An Energy Expert has cautioned that while Government’s decision to extend fuel tax relief measures offers immediate relief to households and businesses, the move could create long-term fiscal pressures if not accompanied by structural reforms in the energy sector.
Government has extended the temporary suspension of excise duty on petrol and diesel, alongside the zero-rating of Value Added Tax (VAT) on the two fuel products, for an additional 90 days until September 30, 2026, in a move aimed at cushioning citizens and businesses against rising fuel costs.
Engineer Bornface Zulu told Money News in an interview that maintaining the tax measures over a prolonged period could have significant implications for Government revenue.
“Revenue loss is estimated at about K1.3 billion per month, totaling K11.97 billion annually if extended,” he stated.
Eng. Zulu further noted that reduced revenue could limit Government spending on key sectors such as health, education and infrastructure development.
He said the current measures were only temporary and did not address Zambia’s underlying exposure to international oil market volatility. “Relief is short-term; Zambia remains vulnerable to global oil volatility,” he said.
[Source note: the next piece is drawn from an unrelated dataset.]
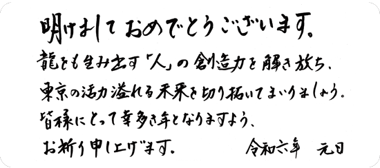 トップページ > 都政情報 > 広報 >WEB広報東京都 > バックナンバー > 2024年 > 広報東京都2024年1月号 > 小池知事 新年ごあいさつ

Eng. Zulu also raised concerns that transport operators may not fully pass on fuel cost reductions to commuters, limiting the intended impact on consumers.
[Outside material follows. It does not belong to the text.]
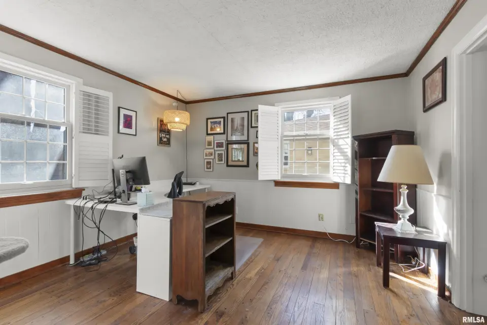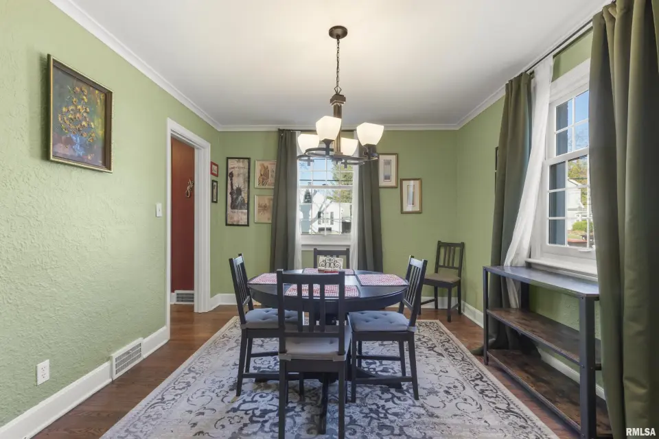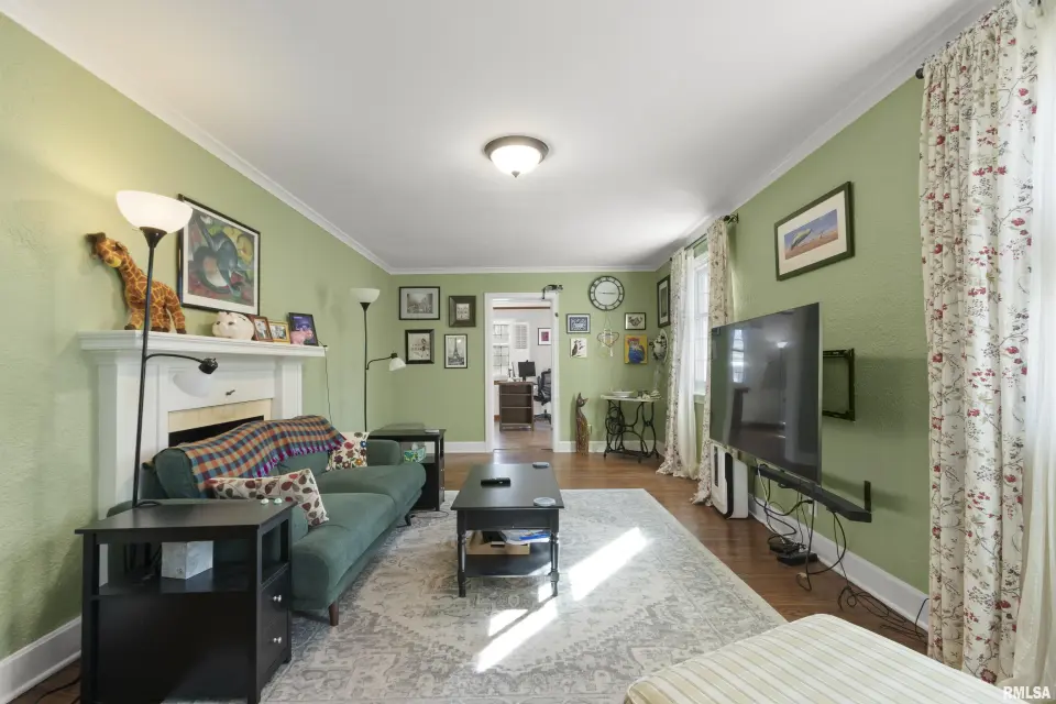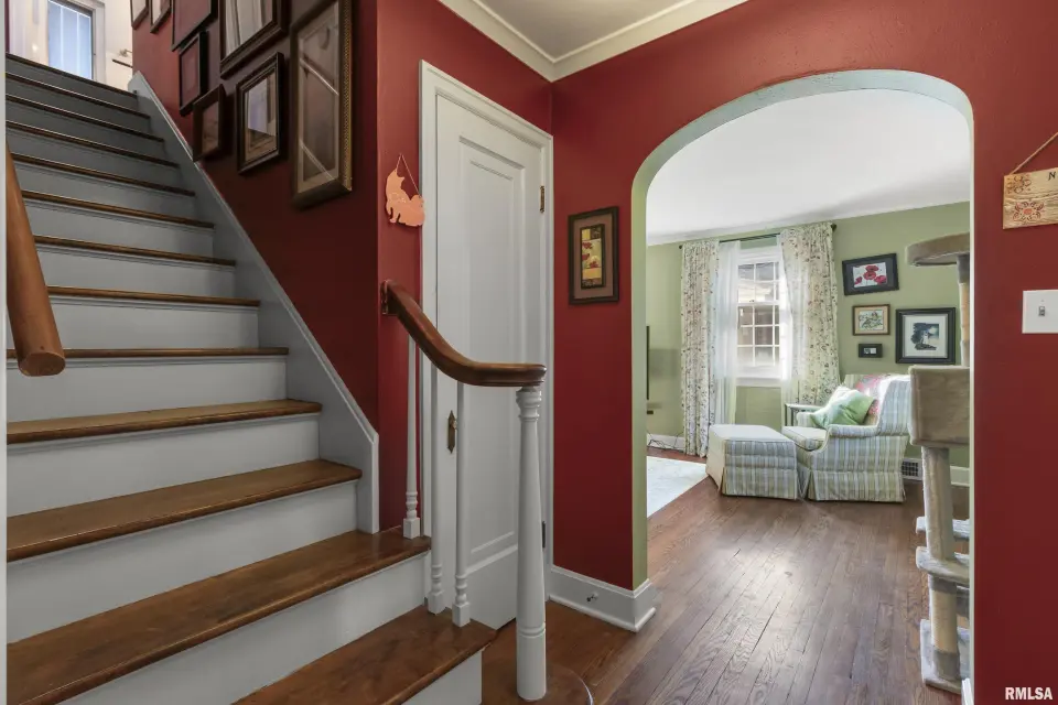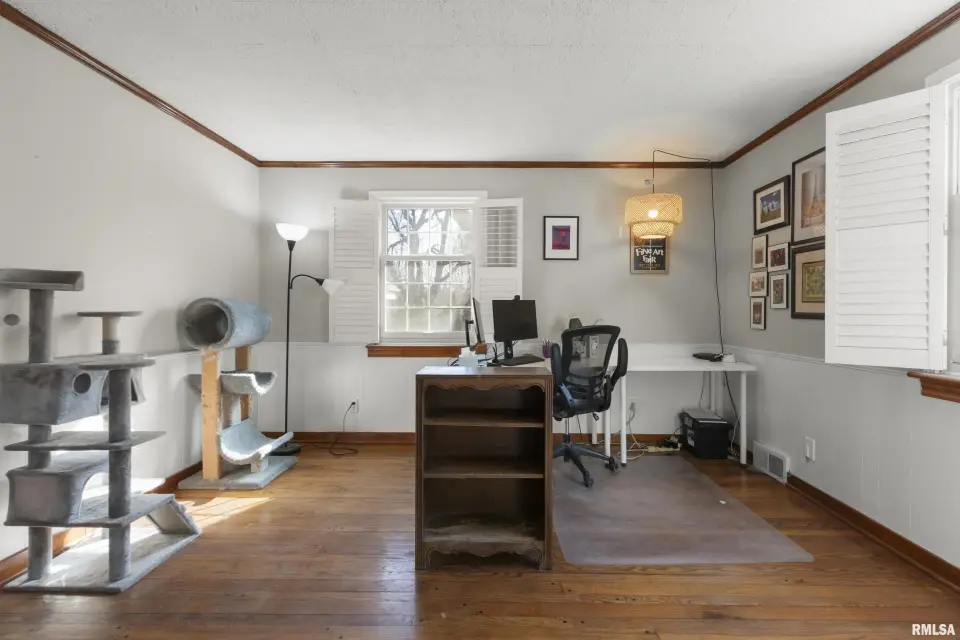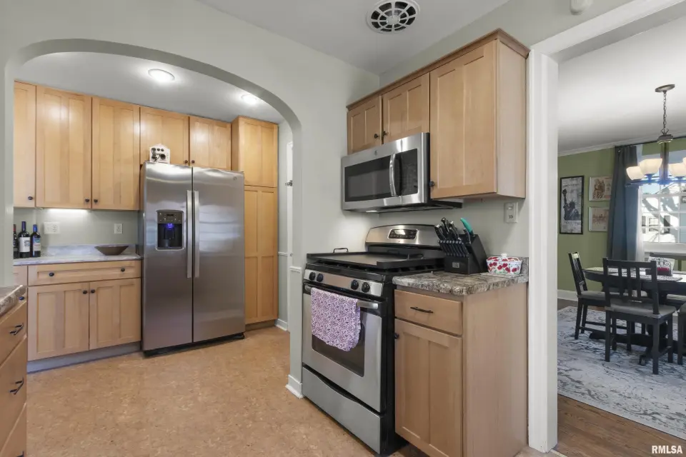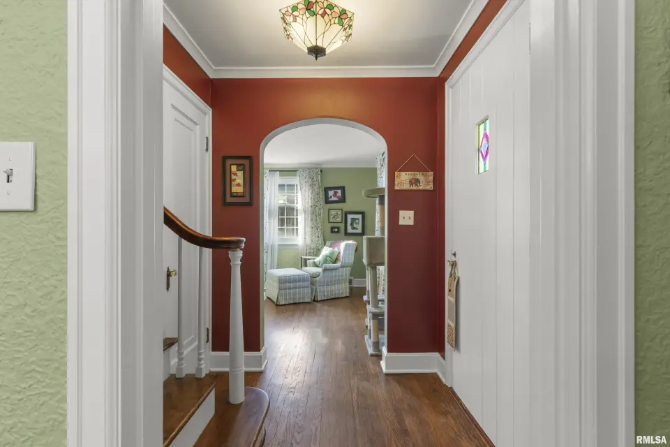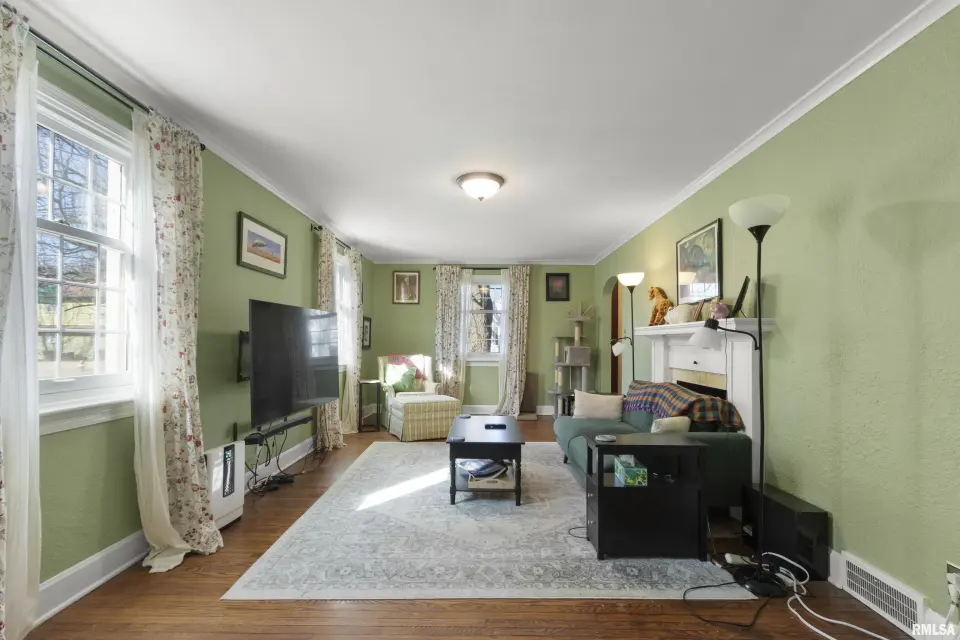 The living room is warm and inviting with plenty of space to spread out and relax. Just off the living room is a great bonus space that works perfectly as a home office, hobby room, workout area, or playroom—whatever life calls for. Nearby you’ll find a convenient powder room and a thoughtfully updated kitchen featuring cork floors and generous counter space. The kitchen opens to a formal dining room that connects back to the front entry, creating a layout with excellent flow throughout the main level. Upstairs you’ll find three well-sized bedrooms, charming dormer windows that create cozy nooks, and an updated full bath. Each bedroom offers hardwood floors and surprisingly generous closet space. The finished basement expands the living space even further with a large family room, a second full bath, laundry area with utility sink, and additional storage. Outside, the backyard feels like its own private retreat with mature trees, established landscaping, multiple brick patio areas, and a covered patio off the one-car garage—perfect for relaxing or hosting on warm evenings. Conveniently located in the heart of Peoria with easy access to key roadways, this home blends classic charm, practical space and everyday comfort in all the right ways!

He however observed that the move would help shield citizens from the effects of global oil price fluctuations, by lowering fuel costs and easing pressure on transport expenses and household budgets.
Eng. Zulu added that the intervention would help reduce costs across key sectors of the economy. “It directly lowers pump prices, easing transport fares, stabilizing food costs, and supporting industries,” Eng. Zulu stressed.
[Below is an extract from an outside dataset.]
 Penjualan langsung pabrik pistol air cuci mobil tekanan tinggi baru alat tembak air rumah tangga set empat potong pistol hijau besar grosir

He said the latest fuel prices stand at K26.15 per litre for petrol, K28.11 for diesel, K28.32 for kerosene and K30.27 for Jet A-1 fuel, adding that lower fuel costs could improve business competitiveness and provide an inflation cushion.
The Energy Expert stressed that small and medium enterprises, agriculture and the mining sector were among industries likely to benefit from reduced operational expenses.
To address longer-term challenges, he called for targeted subsidies focused on sectors such as public transport and agriculture rather than broad tax waivers.
Eng. Zulu also urged accelerated investment in alternative energy sources and electric mobility solutions. “Zambia must use this window to pivot boldly toward renewable energy and electric mobility, ensuring that future relief does not drain public finances,” he emphasized.